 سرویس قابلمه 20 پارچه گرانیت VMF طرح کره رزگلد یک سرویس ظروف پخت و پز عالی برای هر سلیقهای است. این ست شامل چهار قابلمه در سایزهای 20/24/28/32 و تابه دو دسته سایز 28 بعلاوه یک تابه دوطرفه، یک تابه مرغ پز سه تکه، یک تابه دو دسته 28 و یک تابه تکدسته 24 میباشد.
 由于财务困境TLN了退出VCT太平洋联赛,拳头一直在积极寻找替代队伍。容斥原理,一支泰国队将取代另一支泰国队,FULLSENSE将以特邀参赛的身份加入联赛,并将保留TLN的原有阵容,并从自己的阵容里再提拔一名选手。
...
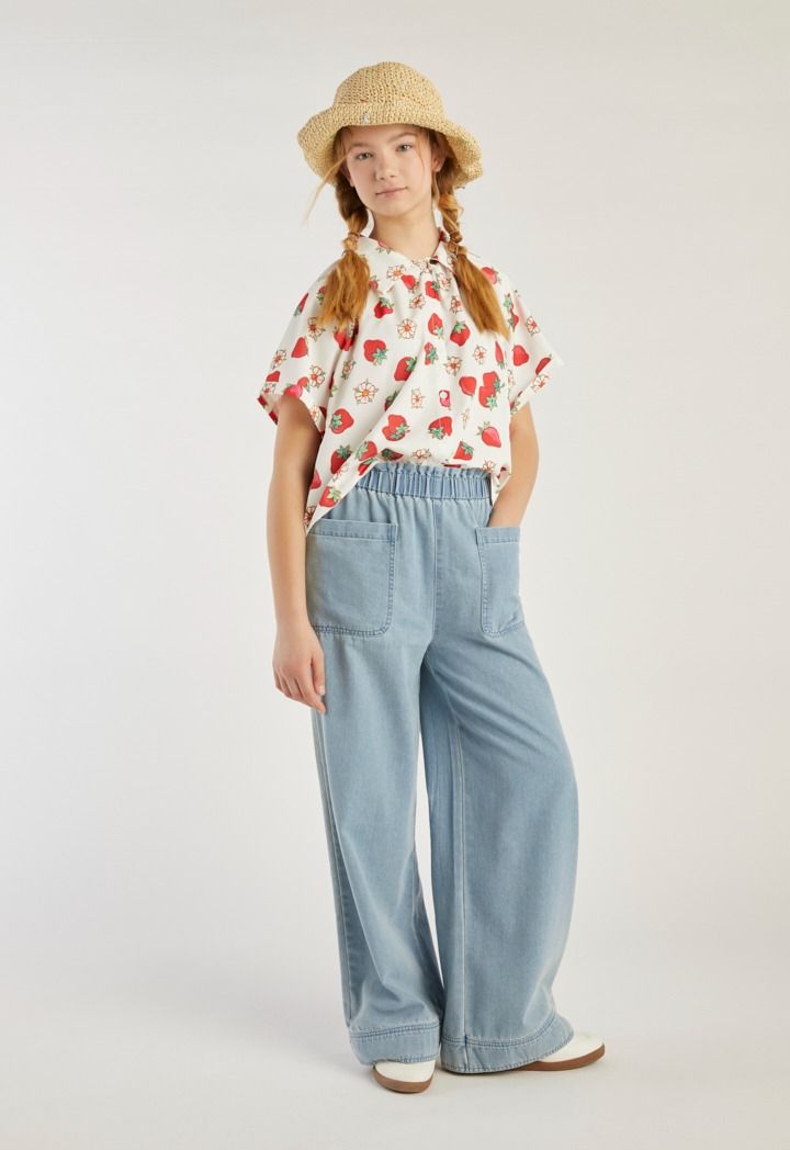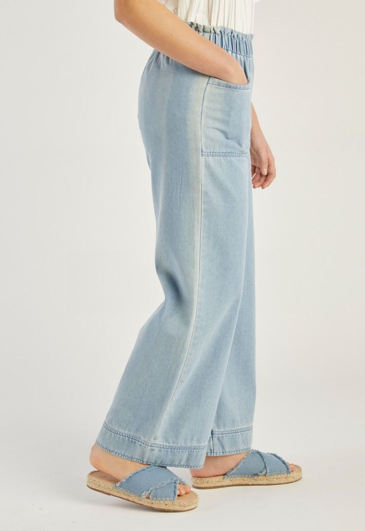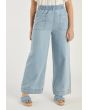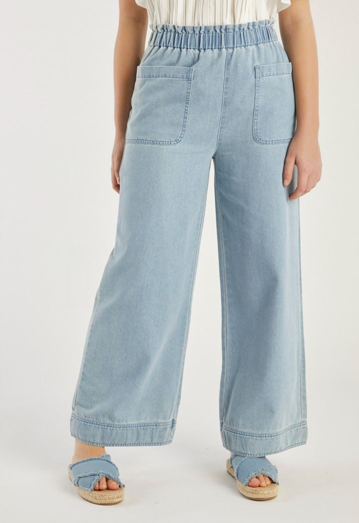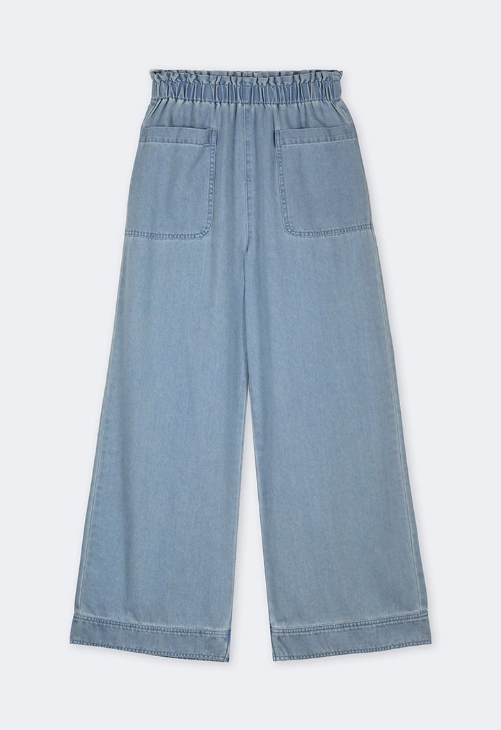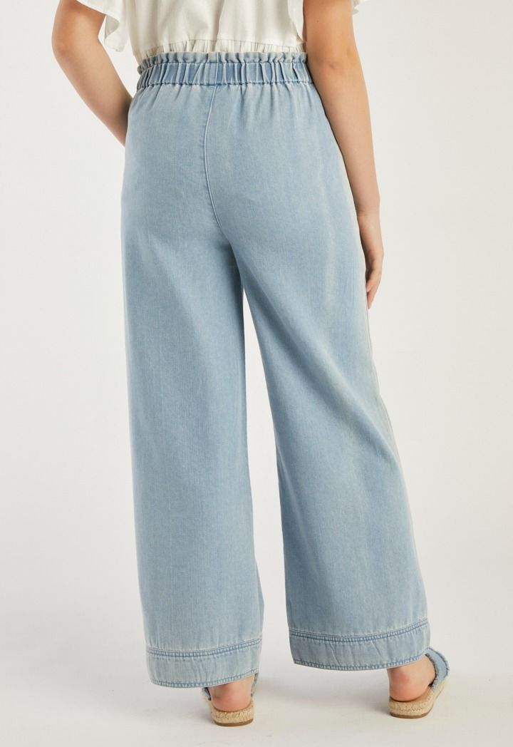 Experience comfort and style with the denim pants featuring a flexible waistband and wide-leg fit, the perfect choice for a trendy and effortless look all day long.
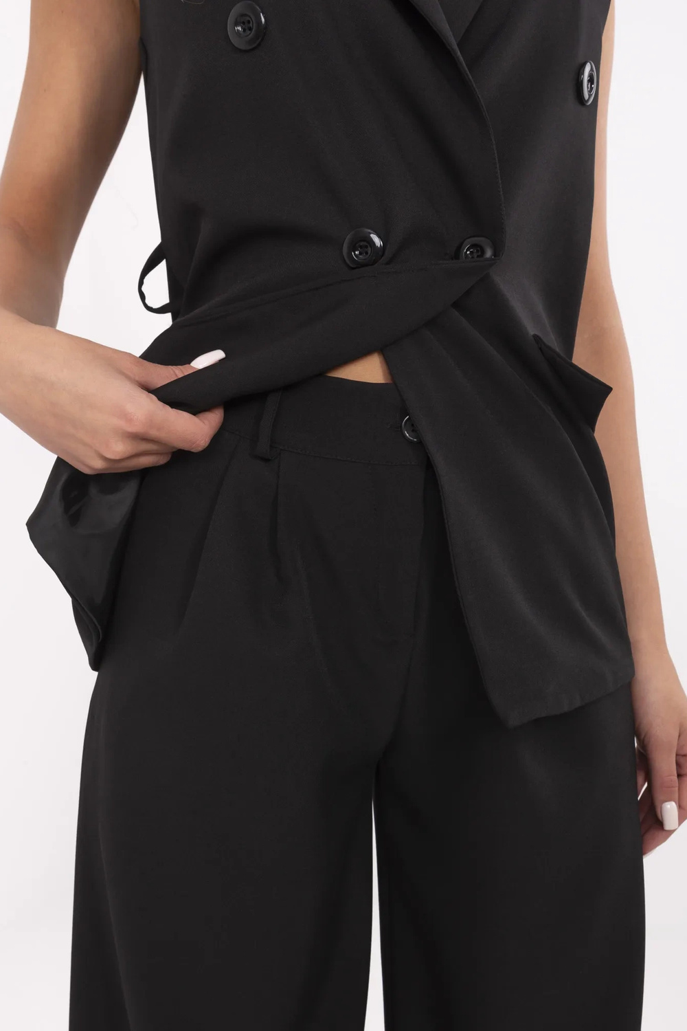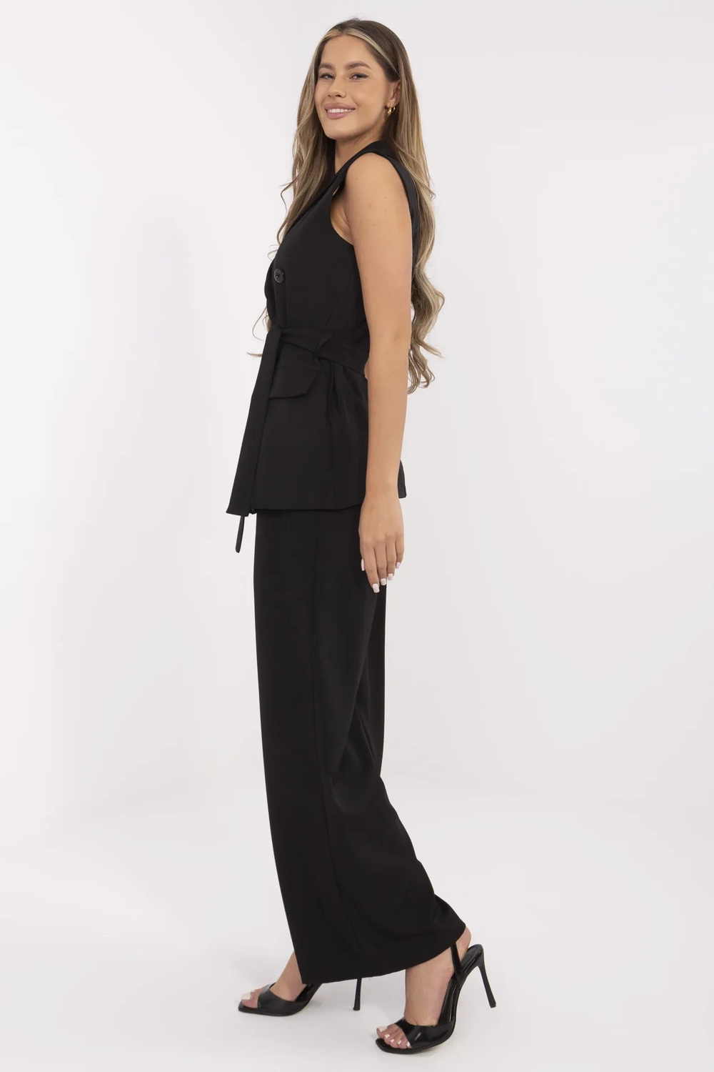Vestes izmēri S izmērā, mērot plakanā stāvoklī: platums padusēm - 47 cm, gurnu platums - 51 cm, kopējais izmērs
==
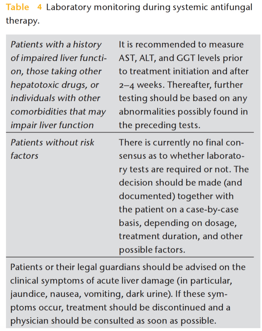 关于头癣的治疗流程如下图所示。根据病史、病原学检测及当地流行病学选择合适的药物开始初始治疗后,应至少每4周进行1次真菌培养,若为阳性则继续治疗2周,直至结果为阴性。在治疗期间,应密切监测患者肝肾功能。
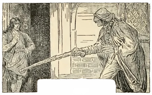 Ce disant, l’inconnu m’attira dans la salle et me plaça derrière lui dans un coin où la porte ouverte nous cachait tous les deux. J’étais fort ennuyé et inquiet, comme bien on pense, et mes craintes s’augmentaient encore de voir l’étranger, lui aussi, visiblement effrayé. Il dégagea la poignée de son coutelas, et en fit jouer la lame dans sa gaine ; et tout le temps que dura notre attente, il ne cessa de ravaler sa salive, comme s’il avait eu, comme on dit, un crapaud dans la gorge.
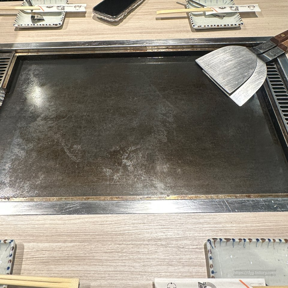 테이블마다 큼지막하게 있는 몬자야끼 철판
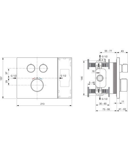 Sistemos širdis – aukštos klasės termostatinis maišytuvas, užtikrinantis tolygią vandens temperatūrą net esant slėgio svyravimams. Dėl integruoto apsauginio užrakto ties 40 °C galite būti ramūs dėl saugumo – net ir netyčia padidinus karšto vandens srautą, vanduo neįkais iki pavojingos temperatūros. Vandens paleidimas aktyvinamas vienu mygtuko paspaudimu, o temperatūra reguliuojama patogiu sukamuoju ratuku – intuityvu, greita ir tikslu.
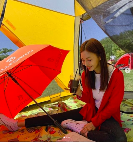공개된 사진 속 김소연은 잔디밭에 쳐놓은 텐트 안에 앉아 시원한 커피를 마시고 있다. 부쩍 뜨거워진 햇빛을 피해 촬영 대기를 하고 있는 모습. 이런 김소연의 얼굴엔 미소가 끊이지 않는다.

- WHAT THE EXERCISE ASKS -
Return the material from the line containing "关于头癣的治疗流程如下图所示" through the line containing "공개된 사진 속 김소연은", exactly and in full, but without its pictures.

- ANSWER FOR THIS EXERCISE -
 关于头癣的治疗流程如下图所示。根据病史、病原学检测及当地流行病学选择合适的药物开始初始治疗后,应至少每4周进行1次真菌培养,若为阳性则继续治疗2周,直至结果为阴性。在治疗期间,应密切监测患者肝肾功能。
 Ce disant, l’inconnu m’attira dans la salle et me plaça derrière lui dans un coin où la porte ouverte nous cachait tous les deux. J’étais fort ennuyé et inquiet, comme bien on pense, et mes craintes s’augmentaient encore de voir l’étranger, lui aussi, visiblement effrayé. Il dégagea la poignée de son coutelas, et en fit jouer la lame dans sa gaine ; et tout le temps que dura notre attente, il ne cessa de ravaler sa salive, comme s’il avait eu, comme on dit, un crapaud dans la gorge.
 테이블마다 큼지막하게 있는 몬자야끼 철판
 Sistemos širdis – aukštos klasės termostatinis maišytuvas, užtikrinantis tolygią vandens temperatūrą net esant slėgio svyravimams. Dėl integruoto apsauginio užrakto ties 40 °C galite būti ramūs dėl saugumo – net ir netyčia padidinus karšto vandens srautą, vanduo neįkais iki pavojingos temperatūros. Vandens paleidimas aktyvinamas vienu mygtuko paspaudimu, o temperatūra reguliuojama patogiu sukamuoju ratuku – intuityvu, greita ir tikslu.
공개된 사진 속 김소연은 잔디밭에 쳐놓은 텐트 안에 앉아 시원한 커피를 마시고 있다. 부쩍 뜨거워진 햇빛을 피해 촬영 대기를 하고 있는 모습. 이런 김소연의 얼굴엔 미소가 끊이지 않는다.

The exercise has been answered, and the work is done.